Wednesday, October 21, 2009

Mervyn likes narrow banking, phew!

Mervyn King’s endorsement of narrow banking is a big relief. A worrying gap has been opening between politicians and economists on bank reform, so let’s hope King’s call for a structural review of the sector will sway the decision makers in the right direction.

Politicians from all parties are focussing on G20 ideas about regulation and capital requirements, and earning column inches with talk of windfall taxes.

While politically attractive, these alone are a long way from the complete restructuring of the industry called for by leading economists.

John Kay, the champion of narrow banking, Martin Wolf and now Mervyn King all agree that the current structure of the industry is unsustainable. They call the current situation the “biggest moral hazard in modern banking history”, “impractical”, “inconceivable”, “breathtaking” and “intolerable”.

Their core idea is Kay’s concept that banks should not be permitted to use publicly guaranteed retail deposits to fund speculative activity.

The separation of utility and casino banking operations limits the public’s guarantee substantially to just the utility part - defined as payment systems and deposit-taking - and forces the casinos to bear responsibility for their own risks.

“Encouraging banks to take risks that result in large dividend and remuneration payouts when things go well, and losses for taxpayers when they don’t, distorts the allocation of resources and management of risk,” said King.

Unbelievably, the government does not agree with this.
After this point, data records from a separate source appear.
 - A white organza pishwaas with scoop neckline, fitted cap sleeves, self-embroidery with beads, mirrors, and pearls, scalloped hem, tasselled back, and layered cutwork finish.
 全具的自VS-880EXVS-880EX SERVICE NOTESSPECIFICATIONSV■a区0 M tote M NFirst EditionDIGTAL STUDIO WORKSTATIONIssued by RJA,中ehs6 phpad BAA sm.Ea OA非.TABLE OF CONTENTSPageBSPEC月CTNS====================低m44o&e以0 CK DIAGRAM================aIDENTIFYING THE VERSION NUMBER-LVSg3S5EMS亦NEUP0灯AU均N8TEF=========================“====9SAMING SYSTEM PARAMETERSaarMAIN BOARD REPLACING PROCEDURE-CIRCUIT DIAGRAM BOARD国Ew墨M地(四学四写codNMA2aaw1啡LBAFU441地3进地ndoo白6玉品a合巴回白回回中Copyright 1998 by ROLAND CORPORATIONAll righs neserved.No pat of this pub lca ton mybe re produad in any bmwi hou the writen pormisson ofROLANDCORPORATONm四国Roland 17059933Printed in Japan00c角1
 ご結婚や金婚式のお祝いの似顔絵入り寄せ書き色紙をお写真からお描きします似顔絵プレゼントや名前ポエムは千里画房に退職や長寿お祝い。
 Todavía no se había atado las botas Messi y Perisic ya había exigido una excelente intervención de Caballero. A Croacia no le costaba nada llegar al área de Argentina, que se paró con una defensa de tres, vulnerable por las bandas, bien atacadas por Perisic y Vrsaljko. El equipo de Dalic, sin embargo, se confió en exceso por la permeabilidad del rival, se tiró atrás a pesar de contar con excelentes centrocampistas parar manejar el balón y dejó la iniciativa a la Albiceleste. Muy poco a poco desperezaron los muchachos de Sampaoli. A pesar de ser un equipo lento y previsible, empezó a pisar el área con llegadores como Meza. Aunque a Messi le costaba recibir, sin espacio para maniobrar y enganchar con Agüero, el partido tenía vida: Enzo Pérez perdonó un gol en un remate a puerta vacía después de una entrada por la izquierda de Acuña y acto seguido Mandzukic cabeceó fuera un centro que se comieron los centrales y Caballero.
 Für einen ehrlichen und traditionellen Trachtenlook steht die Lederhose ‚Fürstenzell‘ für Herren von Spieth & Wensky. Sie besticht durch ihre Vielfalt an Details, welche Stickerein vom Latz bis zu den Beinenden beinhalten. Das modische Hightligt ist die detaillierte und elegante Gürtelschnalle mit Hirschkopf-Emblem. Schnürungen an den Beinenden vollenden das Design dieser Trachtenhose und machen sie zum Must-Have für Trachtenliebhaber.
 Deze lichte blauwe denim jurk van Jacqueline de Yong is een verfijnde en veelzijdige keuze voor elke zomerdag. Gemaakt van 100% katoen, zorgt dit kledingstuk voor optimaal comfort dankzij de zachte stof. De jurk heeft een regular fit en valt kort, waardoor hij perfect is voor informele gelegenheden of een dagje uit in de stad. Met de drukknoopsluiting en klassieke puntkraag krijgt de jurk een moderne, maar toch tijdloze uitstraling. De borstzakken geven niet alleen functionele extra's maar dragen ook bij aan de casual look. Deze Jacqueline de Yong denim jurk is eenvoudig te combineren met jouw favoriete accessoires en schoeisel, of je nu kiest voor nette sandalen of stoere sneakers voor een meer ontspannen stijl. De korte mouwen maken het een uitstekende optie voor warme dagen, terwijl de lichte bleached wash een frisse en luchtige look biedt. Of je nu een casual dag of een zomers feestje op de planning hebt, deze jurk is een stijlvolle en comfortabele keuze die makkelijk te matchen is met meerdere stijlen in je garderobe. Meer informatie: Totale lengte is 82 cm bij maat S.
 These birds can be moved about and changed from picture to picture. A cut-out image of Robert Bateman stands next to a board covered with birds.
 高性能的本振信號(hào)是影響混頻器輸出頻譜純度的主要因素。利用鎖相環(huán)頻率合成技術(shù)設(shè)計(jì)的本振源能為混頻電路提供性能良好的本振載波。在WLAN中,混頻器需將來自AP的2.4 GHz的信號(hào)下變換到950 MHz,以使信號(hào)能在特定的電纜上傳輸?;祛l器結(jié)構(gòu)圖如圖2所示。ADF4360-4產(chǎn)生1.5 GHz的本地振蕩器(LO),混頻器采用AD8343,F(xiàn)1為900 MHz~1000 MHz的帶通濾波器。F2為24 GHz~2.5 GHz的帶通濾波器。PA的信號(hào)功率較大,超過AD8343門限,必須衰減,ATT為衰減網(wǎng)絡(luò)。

Gordon Brown told the commons this week that he has no plans to split the sector, saying narrow banking would not have saved Northern Rock or Lehman Brothers as neither was an integrated bank. NR was a retail mortgage operation and Lehmans a pure investment bank.
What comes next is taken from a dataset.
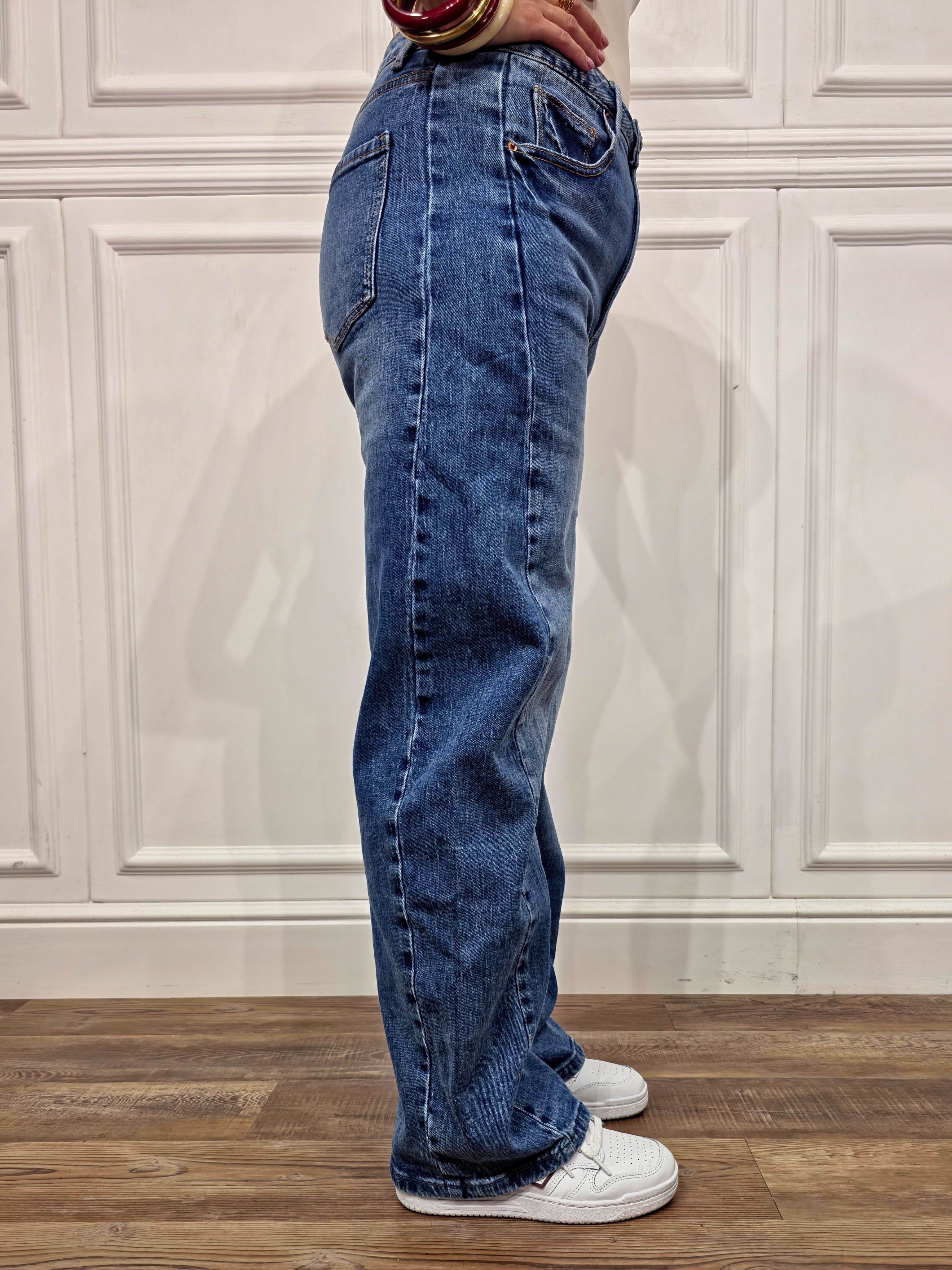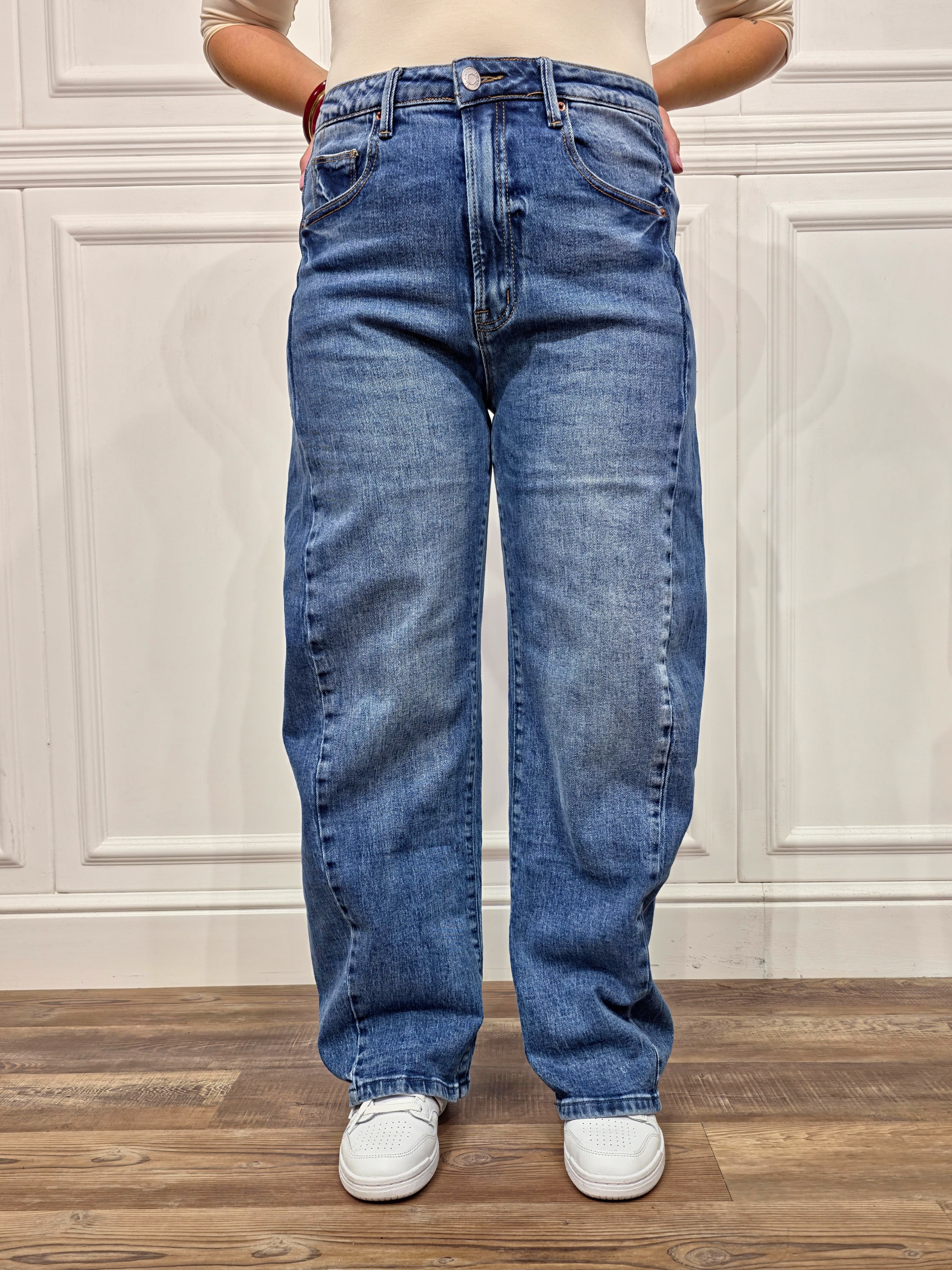 Jeans in denim 100% cotone, dal taglio baggie morbido con gamba ampia e vita alta.

This misses the point that these failures led to the withdrawal of trust in other integrated banks, including RBS, that needed to be bailed out with public money.

It also fails to recognise that structural reform of the sector creates a chance to build disincentives to the kind of activity that led to the demise of these two banks.

In Northern Rock’s case, if it had been defined as a narrow bank and its depositors given priority as creditors, then lenders in the wholesale market would have been reluctant to lend as they did. The Rock might not have developed the dependency on wholesale funding that ultimately killed it.

In Lehman’s case, the bank may have gone bankrupt anyway but other large banks would have been insulated from its impact and the bail-out requirement much smaller.

Kay makes another point, that the bancassurance model is a hindrance on the provision of decent retail banking services.

He says the buccaneering, transaction-led culture of investment banks led to, for example, “casino” bankers demanding raw material for securitsation and causing in-house “utility” bankers to lend badly in the sub-prime market.

King used the words of Sir Walter Scott to say something similar. Writing about the Ayr Bank crisis in 1772, Scott said the bankers were mostly good men but a few were “capitalists who sought gain not by the encouragement of fair trade and honest industry, but by affording temporary fuel to rashness or avarice”.

Narrow banking would break this model and allow retail banking to re-establish a client-focussed culture, focussed on payment innovations and good value financial products.

There may be more on this to come; Mervyn King hinted that in a paper later this week the Bank of England would describe policy tools to “limit the growth of the financial sector.”

Let’s hope he can persuade George Osborne of his arguments. Fury over bonuses makes it very tempting to build policy around windfall taxes, or even ongoing taxes as proposed by Nick Clegg.

However, these are not the answer. They would punish bank shareholders in general, which means the investing public and the Treasury. It won’t really affect bonuses and it certainly won’t help banks to start lending again.

If anyone has a moral duty to pay tax into the Treasury’s bail-out fund, it should be just the investment banking arms of integrated banks that received public support. Those public subsidies allowed high leverage to boost earnings - and stock compensation - and powered the one-way incentive schemes that led to so many write-offs and bonuses.

If windfall taxes cannot be avoided, at least split the banks along narrow banking lines first so the taxes can be targeted at the real culprits without affecting lending in the real economy.